> **Requirement**
Take the lines below from the one with "The cool Baggy" through the one with "Statement I: Stuart" and print only them, exactly. Don't print the pictures.
===== Provided records =====
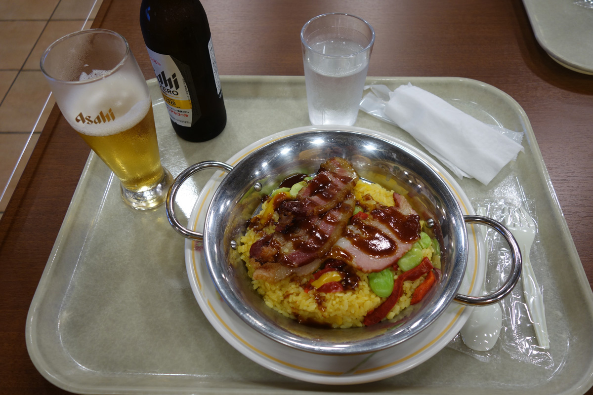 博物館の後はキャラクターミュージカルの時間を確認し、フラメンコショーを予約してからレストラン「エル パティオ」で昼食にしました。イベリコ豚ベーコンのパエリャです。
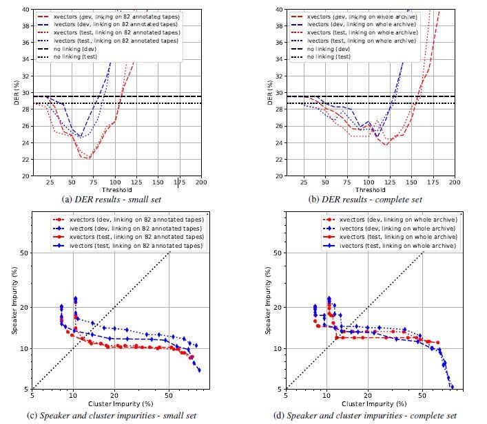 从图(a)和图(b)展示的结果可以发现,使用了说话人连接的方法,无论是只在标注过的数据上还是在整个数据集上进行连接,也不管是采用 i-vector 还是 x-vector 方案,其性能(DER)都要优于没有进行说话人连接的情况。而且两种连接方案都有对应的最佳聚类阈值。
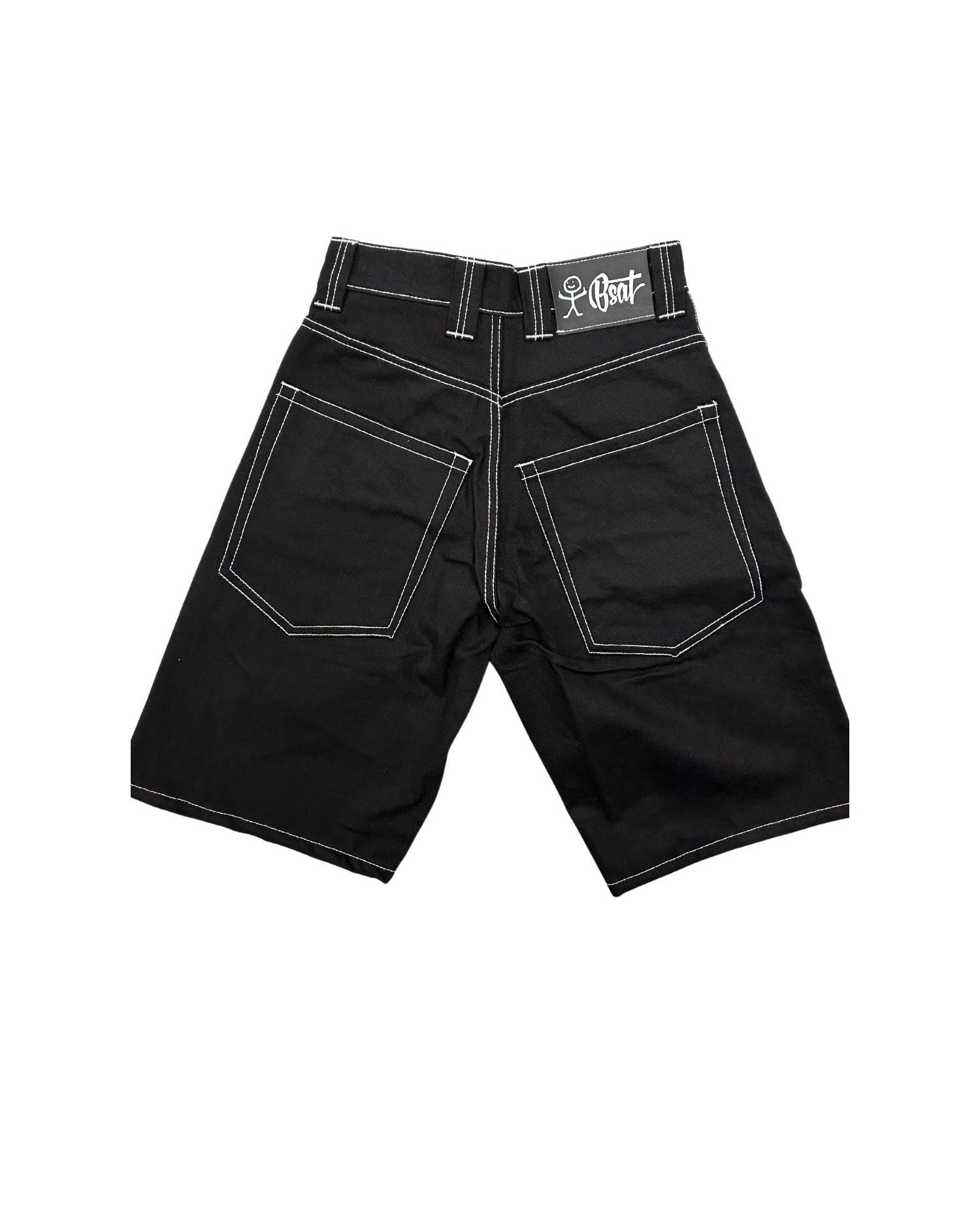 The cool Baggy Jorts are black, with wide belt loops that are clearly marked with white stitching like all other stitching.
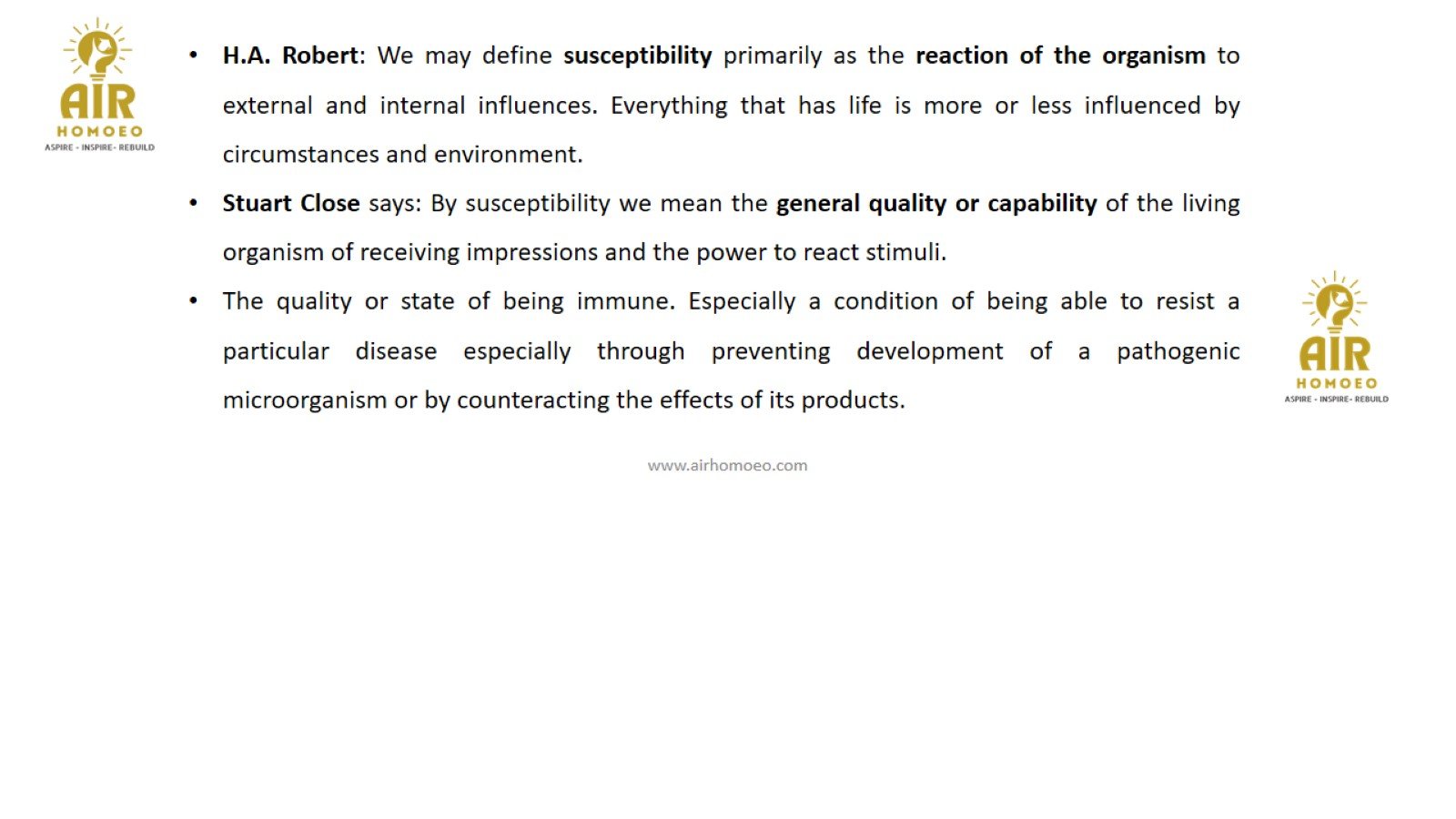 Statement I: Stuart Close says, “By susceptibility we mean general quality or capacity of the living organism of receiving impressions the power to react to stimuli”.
=====
===== Provided records =====
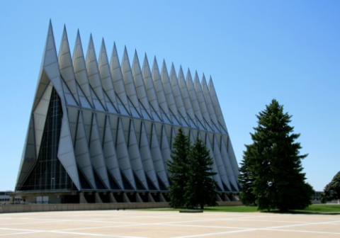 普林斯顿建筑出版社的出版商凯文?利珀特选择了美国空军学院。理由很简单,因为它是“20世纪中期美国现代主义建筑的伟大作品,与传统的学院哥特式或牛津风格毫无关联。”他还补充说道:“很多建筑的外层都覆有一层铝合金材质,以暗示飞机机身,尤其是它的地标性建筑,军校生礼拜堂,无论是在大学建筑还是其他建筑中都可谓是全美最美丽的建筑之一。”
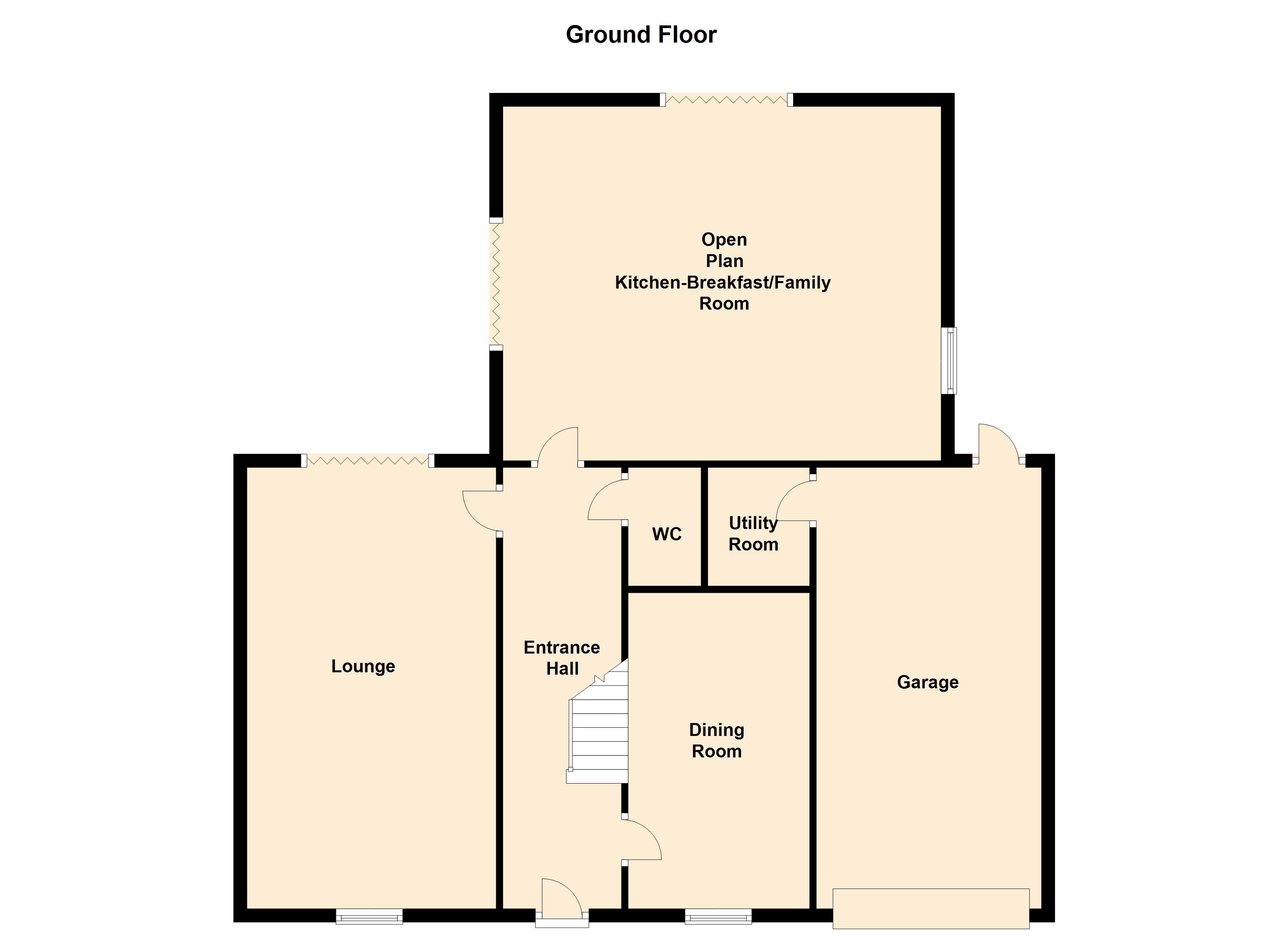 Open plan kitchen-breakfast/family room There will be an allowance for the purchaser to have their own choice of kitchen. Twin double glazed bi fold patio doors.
=====
> **Solution to this problem**
 The cool Baggy Jorts are black, with wide belt loops that are clearly marked with white stitching like all other stitching.
 Statement I: Stuart Close says, “By susceptibility we mean general quality or capacity of the living organism of receiving impressions the power to react to stimuli”.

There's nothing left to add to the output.